In 2010, an interesting observation was made about the linguistic identity of the New Zealand state. The observer was the Waitangi Tribunal of New Zealand, a permanently appointed commission of inquiry tasked with investigating claims of Crown breaches of the Treaty of Waitangi that may have caused prejudice to Māori. Of course the Treaty itself was signed by two distinct parties in 1840: the British Crown, and the representatives of Māori tribal groupings. In 1840 the linguistic, ethnic, and cultural identity of each grouping was simply not in doubt. But over the years the British Crown has devolved or morphed into the Crown in right of New Zealand, British settlers became Pākehā New Zealanders, and the Māori themselves have also changed irrevocably. So the Tribunal’s observationwas interesting:

Fundamentally, there is a need for a mindset shift away from the pervasive assumption that the Crown is Pākehā, English-speaking, and distinct from Māori rather than representative of them.   Increasingly, in the twenty-first century, the Crown is also Māori. If the nation is to move forward, this reality must be grasped.

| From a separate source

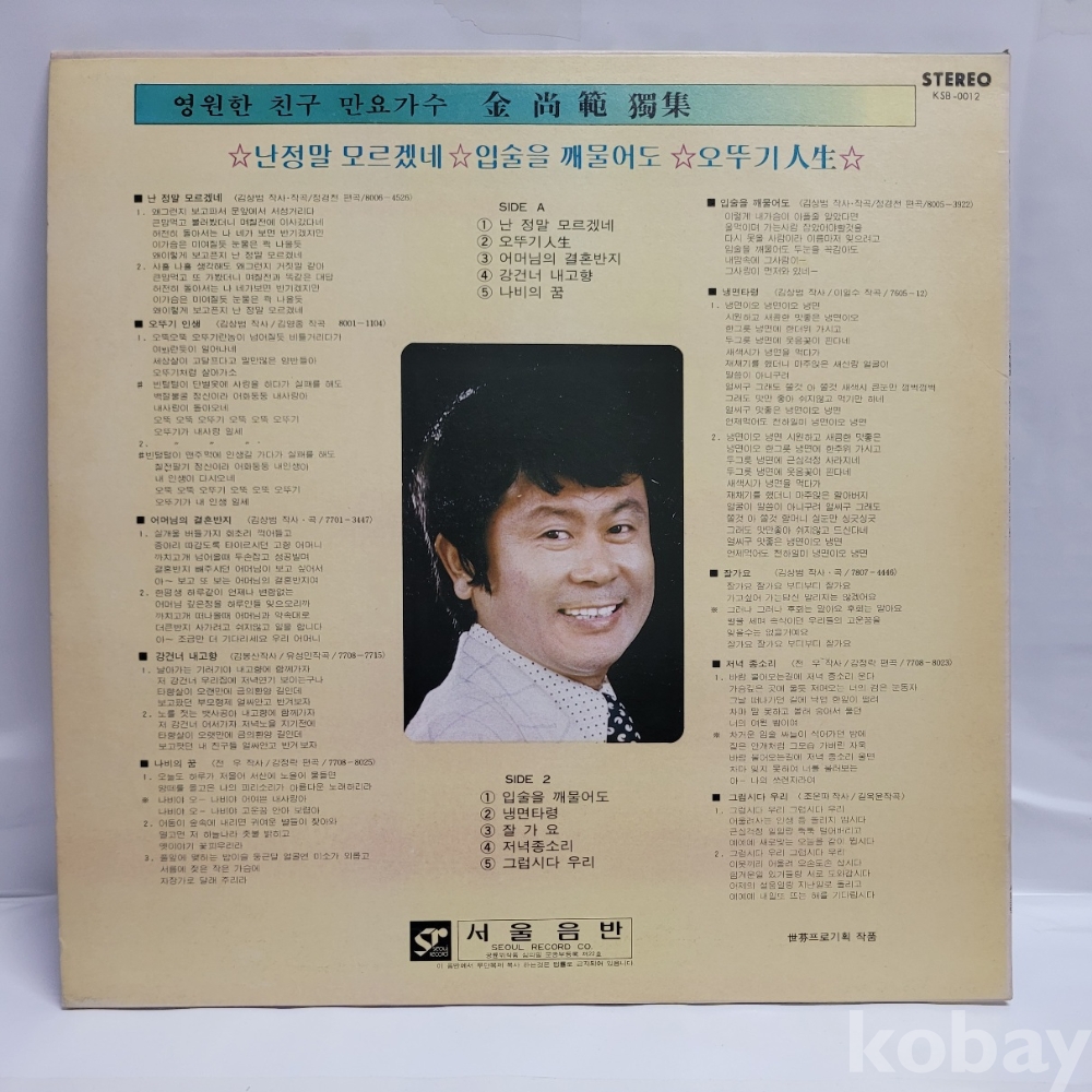| 자켓상태 | EX : 약간의 마모, 모서리 찢김 존재 | 음반상태 | NM : 개봉했으나 미사용급, 스크래치 없음 | 발매정보 | 초반 | 가사지여부 | 무 |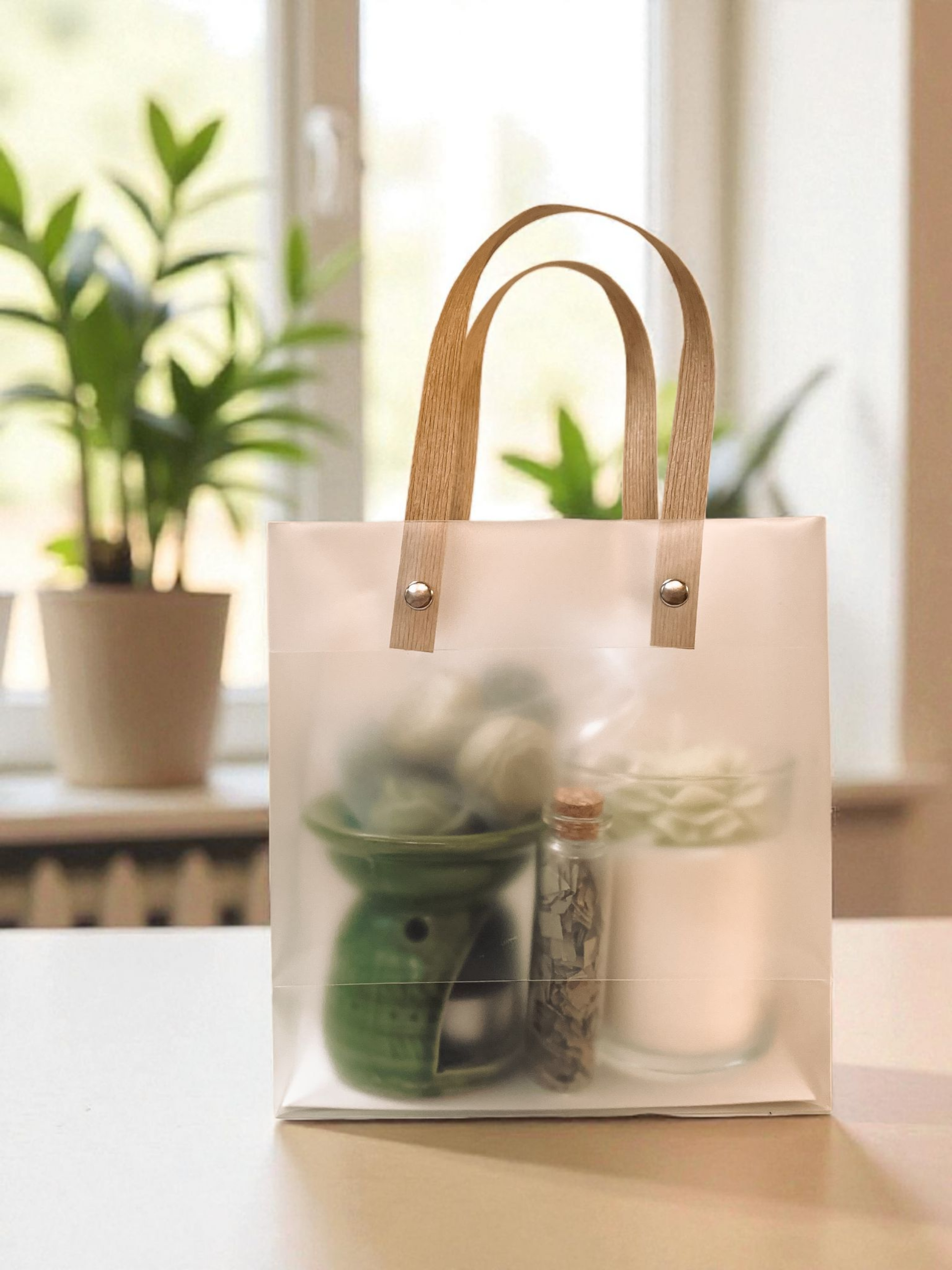 Całość zapakowana w elegancką, przezroczystą torebkę prezentową, która podkreśla wyjątkowy charakter zestawu. To idealny prezent dla osób ceniących naturalne piękno i subtelność – doskonały na każdą okazję.

In short, the Crown, in right of New Zealand, is not only Māori, but must also be Māori speaking. In view of New Zealand’s bicultural (and bilingual) legal history, this is not as merely ‘aspirational’ as might be presumed.

In early 2013, a new dictionary will be published in New Zealand. This dictionary will be a bilingual Māori-English language dictionary. Nothing unusual about that; there are quite a few Māori dictionaries about. Nor is the fact that this particular dictionary is a legal dictionary particularly strange; the world is well served with those, even in regards to New Zealand legal English. The Legal Māori Dictionary is relatively unusual, however, for combining these two characteristics. There are, as yet, not many indigenous language legal dictionaries, or indigenous legal language projects around the world. Of course, there are some fascinating indigenous legal language projects, such as the rich searchable collection of native Hawaiian legal documents available through the Ka Huli Ao Digital Archives under the auspices of the Ka Huli Ao Center for Excellence in Native Hawai`ian Law. An extensive Irish Language Legal Terminology derived from the bilingual Acts of the Irish parliament has also been made publicly available. In Australia, some exciting work has been done with identifying legal glossaries in a number of aboriginal languages including Yolngu Matha and Murrinh-Patha from the Northern Territory. Not infrequently, such glossaries and terminologies are the result of dedicated workshops, often government funded, set up in order to create a functional lexicon for use in the state legal system by speakers of the target indigenous language, as in the case of the English-Inuktitut-French Legal Glossary released in 1997 by the Nunavut Translator/Interpreter program at Nunavut Arctic College. An earlier but similar project for the Navajo language was published in 1989 by the US District Court for the District of New Mexico, and is still made publicly available by the Judicial Branch of the Navajo Nation. A more recent example is the extensive Sámi legal terminology that has been worked up over recent years and made available online by translators and interpreters working on the translation of state legal documents into Sámi for Sámi-speaking populations of Norway, Finland, Denmark and Sweden.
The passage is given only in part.